YOUR ASSIGNMENT
Where the listing below has a line with "お肉をしっかり焼いて、ブロッ", write out exactly that line and every line after it, stopping after the line with "조광한 남양주시장은 코로나".

DATA
=======

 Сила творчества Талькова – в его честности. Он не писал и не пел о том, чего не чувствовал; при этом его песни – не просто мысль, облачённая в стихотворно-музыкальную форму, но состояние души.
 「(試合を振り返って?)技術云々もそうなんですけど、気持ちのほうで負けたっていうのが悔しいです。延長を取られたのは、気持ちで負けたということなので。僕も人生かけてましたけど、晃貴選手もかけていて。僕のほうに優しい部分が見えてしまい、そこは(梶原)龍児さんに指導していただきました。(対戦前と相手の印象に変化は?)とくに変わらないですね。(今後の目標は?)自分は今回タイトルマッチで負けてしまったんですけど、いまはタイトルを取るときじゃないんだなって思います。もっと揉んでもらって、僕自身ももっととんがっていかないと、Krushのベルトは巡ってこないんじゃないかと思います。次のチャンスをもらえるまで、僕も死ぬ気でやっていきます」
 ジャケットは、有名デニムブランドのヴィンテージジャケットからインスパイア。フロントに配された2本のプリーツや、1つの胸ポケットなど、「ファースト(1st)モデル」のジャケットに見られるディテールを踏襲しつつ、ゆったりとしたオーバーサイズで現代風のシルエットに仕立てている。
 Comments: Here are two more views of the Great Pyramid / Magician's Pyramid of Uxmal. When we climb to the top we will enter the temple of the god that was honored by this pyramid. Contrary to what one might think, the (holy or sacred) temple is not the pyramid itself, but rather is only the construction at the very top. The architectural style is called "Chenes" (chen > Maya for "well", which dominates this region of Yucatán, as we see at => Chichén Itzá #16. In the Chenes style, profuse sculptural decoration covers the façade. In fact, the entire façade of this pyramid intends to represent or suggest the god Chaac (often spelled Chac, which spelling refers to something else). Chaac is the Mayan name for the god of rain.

=======

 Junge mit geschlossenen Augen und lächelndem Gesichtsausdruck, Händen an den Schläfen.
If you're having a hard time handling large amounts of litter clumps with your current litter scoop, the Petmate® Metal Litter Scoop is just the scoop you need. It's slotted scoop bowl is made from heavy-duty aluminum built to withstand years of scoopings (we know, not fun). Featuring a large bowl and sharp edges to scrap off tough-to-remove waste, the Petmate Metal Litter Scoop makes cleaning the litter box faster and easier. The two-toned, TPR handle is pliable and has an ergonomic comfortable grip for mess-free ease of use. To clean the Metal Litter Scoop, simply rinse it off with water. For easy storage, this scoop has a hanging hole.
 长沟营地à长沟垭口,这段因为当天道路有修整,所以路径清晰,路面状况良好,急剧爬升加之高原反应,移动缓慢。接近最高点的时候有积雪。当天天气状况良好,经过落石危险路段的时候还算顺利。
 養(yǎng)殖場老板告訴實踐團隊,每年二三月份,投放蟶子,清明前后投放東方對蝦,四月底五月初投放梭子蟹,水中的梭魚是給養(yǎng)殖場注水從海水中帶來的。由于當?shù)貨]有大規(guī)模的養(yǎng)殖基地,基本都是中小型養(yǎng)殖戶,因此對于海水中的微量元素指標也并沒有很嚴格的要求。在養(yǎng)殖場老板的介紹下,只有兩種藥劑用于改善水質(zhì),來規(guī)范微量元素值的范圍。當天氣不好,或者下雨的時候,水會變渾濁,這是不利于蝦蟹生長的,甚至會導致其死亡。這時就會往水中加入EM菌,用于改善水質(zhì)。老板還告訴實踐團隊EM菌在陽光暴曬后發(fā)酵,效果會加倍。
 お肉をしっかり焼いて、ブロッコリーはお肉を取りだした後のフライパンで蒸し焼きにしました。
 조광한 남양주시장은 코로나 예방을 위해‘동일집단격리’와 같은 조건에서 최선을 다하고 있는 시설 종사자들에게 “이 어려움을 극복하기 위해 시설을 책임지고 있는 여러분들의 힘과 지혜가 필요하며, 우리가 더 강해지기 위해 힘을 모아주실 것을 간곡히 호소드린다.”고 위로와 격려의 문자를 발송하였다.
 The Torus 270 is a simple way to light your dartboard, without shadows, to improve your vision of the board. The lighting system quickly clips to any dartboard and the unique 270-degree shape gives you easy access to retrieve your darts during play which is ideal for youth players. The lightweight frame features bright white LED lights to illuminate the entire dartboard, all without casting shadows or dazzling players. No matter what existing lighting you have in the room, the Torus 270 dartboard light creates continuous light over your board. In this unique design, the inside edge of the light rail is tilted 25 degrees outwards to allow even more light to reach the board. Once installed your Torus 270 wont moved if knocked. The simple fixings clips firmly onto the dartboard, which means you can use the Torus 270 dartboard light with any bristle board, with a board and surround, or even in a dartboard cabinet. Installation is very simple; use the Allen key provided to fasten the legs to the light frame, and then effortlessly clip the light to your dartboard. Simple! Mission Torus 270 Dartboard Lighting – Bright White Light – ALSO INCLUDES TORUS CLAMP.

=======

RESPONSE AREA
 お肉をしっかり焼いて、ブロッコリーはお肉を取りだした後のフライパンで蒸し焼きにしました。
 조광한 남양주시장은 코로나 예방을 위해‘동일집단격리’와 같은 조건에서 최선을 다하고 있는 시설 종사자들에게 “이 어려움을 극복하기 위해 시설을 책임지고 있는 여러분들의 힘과 지혜가 필요하며, 우리가 더 강해지기 위해 힘을 모아주실 것을 간곡히 호소드린다.”고 위로와 격려의 문자를 발송하였다.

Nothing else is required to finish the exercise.